El manifiesto censurado de Camus*

(The Footage Collection)
(The Footage Collection)

Este artículo debería haber aparecido el 25 de noviembre de 1939 en Le Soir Républicain, un diario de una sola hoja anverso y reverso que Camus codirigía en Argel y donde definió los cuatro mandamientos del periodista libre: la lucidez, el rechazo, la ironía y la obstinación. Fue encontrado en los Archivos Nacionales de Ultramar de Aix–en–Provence y en él se denuncia la desinformación que ya gangrenaba a Francia de 1939. El manifiesto, sin embargo, va más lejos: es una reflexión sobre el periodismo en tiempos de guerra y sobre la elección de cada uno de constituirse como un ser humano libre. La publicación de este texto fue prohibida: es inédito y sigue siendo de actualidad. 


Es difícil evocar hoy la libertad de la prensa sin que lo tachen a uno de extravagante, lo acusen de ser un Mata–Hari o lo persuadan de que es el sobrino de Stalin. Sin embargo, esta libertad entre las otras no es más que una de las caras de la libertad a secas, y se comprenderá nuestra obstinación en defenderla si se admite que no hay ninguna otra manera de ganar realmente la guerra.

Es verdad: toda libertad tiene sus límites. Aunque tendrán que ser libremente reconocidos. Ya hemos dicho todo lo que hemos podido decir sobre los obstáculos que se ponen hoy en día a la libertad del pensamiento y volveremos a reiterarlo hasta la saciedad. Para ser más concretos, nunca nos sorprenderemos bastante, al imponerse el principio de la censura, de que se haya prohibido a Soir Républicain la reproducción de textos ya publicados en Francia y que se encuentran bajo la diana de los censores metropolitanos, por ejemplo. El hecho de que un periódico dependa del humor o de la capacidad de un hombre demuestra mejor que cualquier otra cosa el grado de inconciencia al que hemos llegado.

Uno de los buenos preceptos de una filosofía digna de tal nombre es no explayarse nunca en lamentos inútiles frente a un estado de la situación que ya no podemos evitar. La cuestión en Francia ya no es saber cómo preservar las libertades de prensa. Es buscar cómo, ante la supresión de esas libertades, un periodista puede seguir siendo libre. El problema ha dejado de interesar a la colectividad. Concierne al individuo.

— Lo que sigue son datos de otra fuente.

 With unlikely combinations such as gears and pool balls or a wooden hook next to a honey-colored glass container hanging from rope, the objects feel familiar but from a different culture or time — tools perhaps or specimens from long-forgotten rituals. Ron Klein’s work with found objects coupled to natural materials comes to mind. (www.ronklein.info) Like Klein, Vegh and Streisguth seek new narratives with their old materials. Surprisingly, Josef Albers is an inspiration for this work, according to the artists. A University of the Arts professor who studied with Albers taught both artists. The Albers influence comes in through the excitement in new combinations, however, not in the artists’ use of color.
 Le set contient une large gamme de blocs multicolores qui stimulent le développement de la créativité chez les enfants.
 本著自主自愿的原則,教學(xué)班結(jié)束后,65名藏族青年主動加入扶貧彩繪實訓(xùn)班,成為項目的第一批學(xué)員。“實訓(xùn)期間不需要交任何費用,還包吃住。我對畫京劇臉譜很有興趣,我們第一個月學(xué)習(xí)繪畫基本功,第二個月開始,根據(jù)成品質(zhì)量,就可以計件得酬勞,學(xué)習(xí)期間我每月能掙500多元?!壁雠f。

Y precisamente lo que nos gustaría definir aquí son las condiciones y medios por los que, en el seno de la guerra y de sus servidumbres, la libertad puede no solo conservarse, sino manifestarse. Estos medios se resumen en cuatro: la lucidez, el rechazo, la ironía y la obstinación. La lucidez implica una resistencia al arrastre del odio y el culto a la fatalidad. En el mundo de nuestra experiencia, es cierto que todo puede evitarse. Incluso la guerra, que es un fenómeno humano, puede evitarse o pararse en todo momento mediante métodos humanos. Basta con conocer la historia de los últimos años de la política europea para saber con certeza que la guerra, cualquiera que sea, tiene causas evidentes. Esta visión clarificadora de las cosas excluye el odio ciego y la desesperanza a la que conduce. Un periodista libre en 1939 no desespera y lucha por aquello que considera verdadero como si su acción pudiera influir en el desarrollo de los acontecimientos. No publica nada que pueda enaltecer el odio o provocar la desesperanza. Todo ello está en su poder.

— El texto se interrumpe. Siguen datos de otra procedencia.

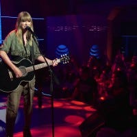 The 28-year-old musician plays an acoustic version of 'Shake It Off' to an intimate crowd in Chicago.
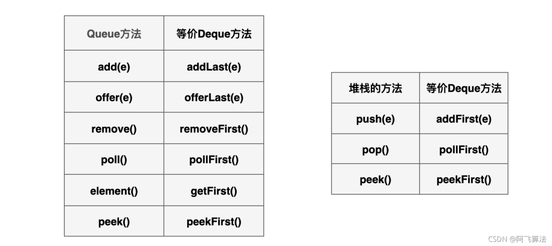 Deque接口扩展(继承)了 Queue 接口。在将双端队列用作队列时,将得到 FIFO(先进先出)行为。将元素添加到双端队列的末尾,从双端队列的开头移除元素。从 Queue 接口继承的方法完全等效于 Deque 方法

Frente a la marea ascendente de estupidez, también es necesario oponerse con cierto rechazo. Ningún obstáculo del mundo hará que una persona con cierta integridad acepte ser deshonesta. Así pues, por poco que conozcamos el mecanismo de la información, es fácil asegurarse de la autenticidad de una noticia. Y a ello debe dedicarse todo periodista libre. Porque si no puede decir todo lo que piensa, sí le es posible no decir lo que no piensa o lo que considera falso. Y de la misma manera, un periódico libre se mide tanto por lo que dice como por lo que no dice. Esta libertad negativa es, de lejos, la más importante de todas si se sabe mantener. Porque prepara la aparición de la verdadera libertad. Por lo tanto, un periódico independiente aporta las fuentes de su información, ayuda al público a evaluarlas, se opone a los lavados de cerebro, suprime las invectivas, palia con comentarios la uniformización de la información y, en pocas palabras, sirve a la verdad en la medida humana de sus fuerzas. Esta medida, con toda su relatividad, le permite al menos rechazar que ninguna fuerza del mundo pueda hacerle aceptar una cosa: servir a la mentira.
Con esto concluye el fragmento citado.